Las haciendas de México son el destino ideal para el viajero que busca algo más que un hotel de lujo. Historia y cultura se hermanan con el lujo y la excelencia en el servicio para ofrecerte una experiencia integral y exclusiva. Estas construcciones majestuosas, reflejo del lujo y el buen gusto de otros siglos, se han preservado para ser ahora en sitios de relajación y deleite. Casi todos los estados del centro y sur de México te ofrecen un gran número de haciendas para visitar y hospedarte en ellas; cada una te propone un estilo distinto, un viaje en el tiempo del que no querrás regresar.

Construidas entre los siglos XVI y XIX, las haciendas fueron núcleos de producción que mantenían la economía del México colonial y después del país independiente. Ahí se procesaban los minerales extraídos de las minas. También se criaba ganado y se producía azúcar, pulque, tequila, café, vinos, cereales y hasta cacao.

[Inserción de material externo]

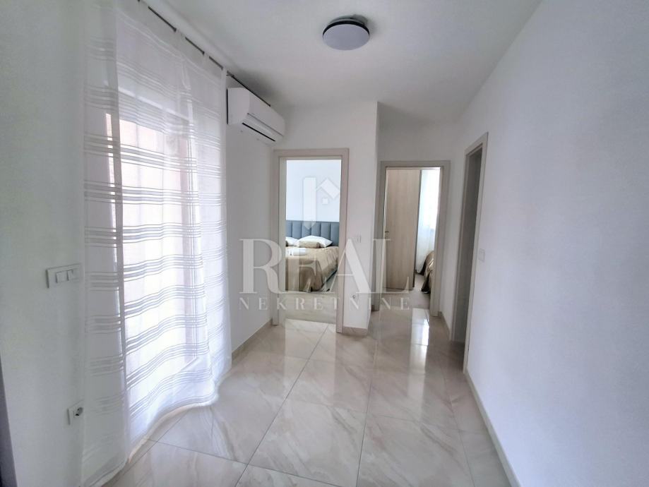 Peroj,na mirnoj lokaciji prodaje se stan u novogradnji na 2. katu, stambene površine 63.59m2.Ima odličan raspored a sastoji od dnevnog boravka sa kuhinjom, blagovaonice ,natkrivene terase, dvije spavaće sobe i kupaonice.Parkirno mjesto je ispred objekta.

Las haciendas estaban rodeadas de grandes extensiones de terreno regidas por la “casa grande”, residencia y oficina del propietario. Su excelente arquitectura y decoración interior replicaban las tendencias de cada época, aunque con adaptaciones locales que les dieron un estilo único según la región del país.

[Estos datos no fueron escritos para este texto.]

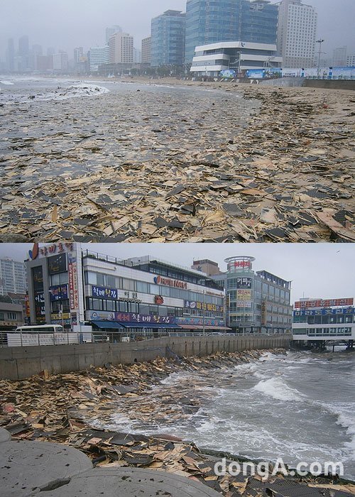 해운대 구청 관광시설관리사업소 관계자는 “태풍 나크리의 영향으로 폐목재들이 밤사이에 조류를 타고 해수욕장으로 밀려들었다”고 설명했다.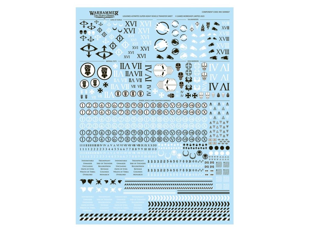 Tato sada je dodávána s 1x transferovým listem Legiones Astartes Super-Heavy Vehicle, který obsahuje 718 vysoce kvalitních transferových vod pro ozdobení vašich miniatur. Součástí stavebnice je ikonografie legie pro Syny Hora, Císařské pěsti, Železné válečníky a Salamandry, spolu s generickými označeními vozidel a letek, číslicemi, vavřínovými věnci a výstražnými pruhy.

Con el tiempo, algunas haciendas fueron abandonadas y hoy sólo quedan algunos de sus muros en pie; otras más se mantienen produciendo bajo nuevos métodos. Afortunadamente, muchas han recuperado su esplendor y se han convertido en una experiencia única de viaje: la irresistible oportunidad de remontarse en el pasado y disfrutar el lujo que vivieron aquellos magnates de siglos pasados.

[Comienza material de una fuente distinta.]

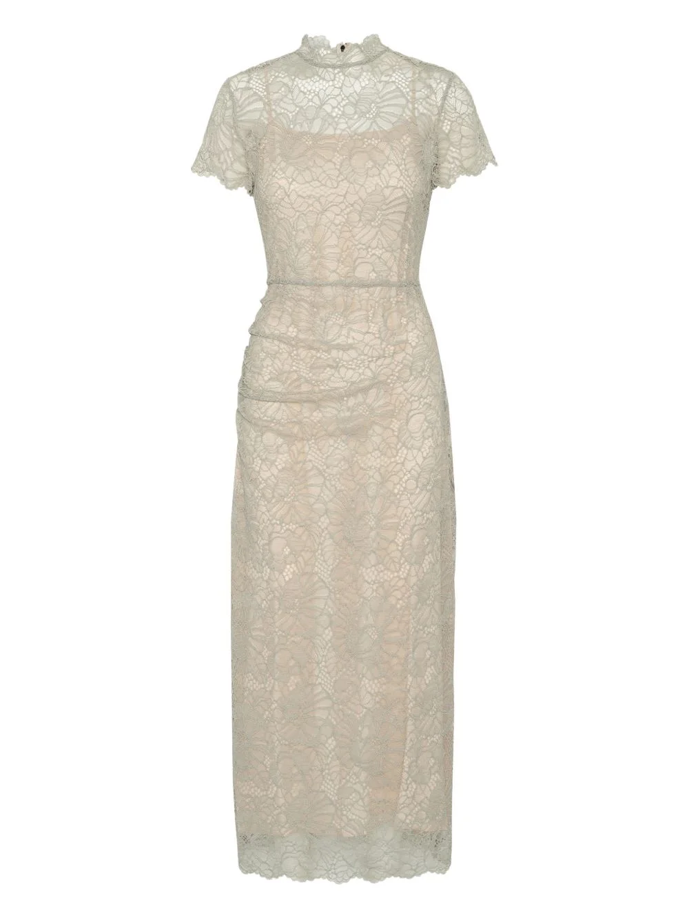 lace-detail midi dress Highlights - Beige - Lace detail - Short sleeves - High neck - Midi length - Zip fastening Imported Composition Outer: Recycled Polyester 100% Lining: Viscose 100% Washing instructions Hand Wash

Podrás elegir escenarios y experiencias muy variadas: desde los jardines boscosos que rodean las haciendas mineras de San Miguel y Santa María Regla en Hidalgo, pasando por las haciendas ganaderas de Tlaxcala y su nostálgica sobriedad, las henequeneras de Campeche y Yucatán, inmersas en el misterio de la selva y del mundo maya, o las azucareras de Morelos, marcadas por la Revolución Mexicana (1910). Si eres un viajero en busca de experiencias exclusivas que combinan el contacto con la naturaleza, la historia y el lujo, prepárate: las haciendas de México dejarán satisfechas todas tus expectativas.

 

HACIENDAS GANADERAS: UN SECTO DE
TLAXCALA
Entre los estados que han sabido ambientar sus haciendas ganaderas para una experiencia de lujo y relajante tranquilidad destaca Tlaxcala. La deliciosa gastronomía, paseos a caballo, ambiente taurino y el mundo del pulque conforman esta experiencia. La ruta por las haciendas ganaderas y pulqueras te llevará a conocer sitios de sobria belleza, como Hacienda San Pedro Tenexac, monumento histórico de la nación, Hacienda Tecoac, donde se degusta comida regional, y las haciendas pulqueras de Santa Teresa de Ixtafiayuca y de San Bartolomé del Monte, entre otras.

Una de las favoritas por los viajeros para hospedarse es Hacienda La Laguna. De vocación ganadera, ha adaptado en su “casa grande” cinco habitaciones con exclusivos acabados coloniales. Saborea en su restaurante delicias mexicanas en un ambiente alegre y muy mexicano y anímate a dar un paseo a caballo para disfrutar del aire fresco de Tlaxcala. Al anochecer déjate arrullar por el sonido de los grillos y mugido de los toros en la lejanía.

 

HACIENDA MINERAS: ORO, PLATA Y TURISMO
La historia de las haciendas de beneficio en el México colonial es apasionante. En sus instalaciones las rocas extraídas de las minas eran procesadas para obtener oro, plata y otros valiosos minerales. Estas construcciones surgieron en estados como Guanajuato, Hidalgo, Zacatecas, Durango y Jalisco. Casi todas ellas sufrieron el abandono, aunque aún pueden apreciarse sus vestigios para darse una idea de su belleza.
Por ejemplo, en Mineral de Pozos, Guanajuato, se encuentran los restos de cinco haciendas de beneficio. Puedes recorrerlas acompañado de un guía. Otros vestigios de gran belleza son los de la ex hacienda de san Juan Bautista, localizada a sólo 20 minutos de Taxco de Alarcón, en Guerrero. En Jalisco puedes visitar San Sebastián del Oeste, donde podrás visitar algunas haciendas mineras que datan del siglo XIX:
Pero si tu intención es hospedarte, la opción más recomendable son las haciendas de Santa María Regla y San Miguel Regla, en el Pueblo Mágico de Huasca, en Hidalgo.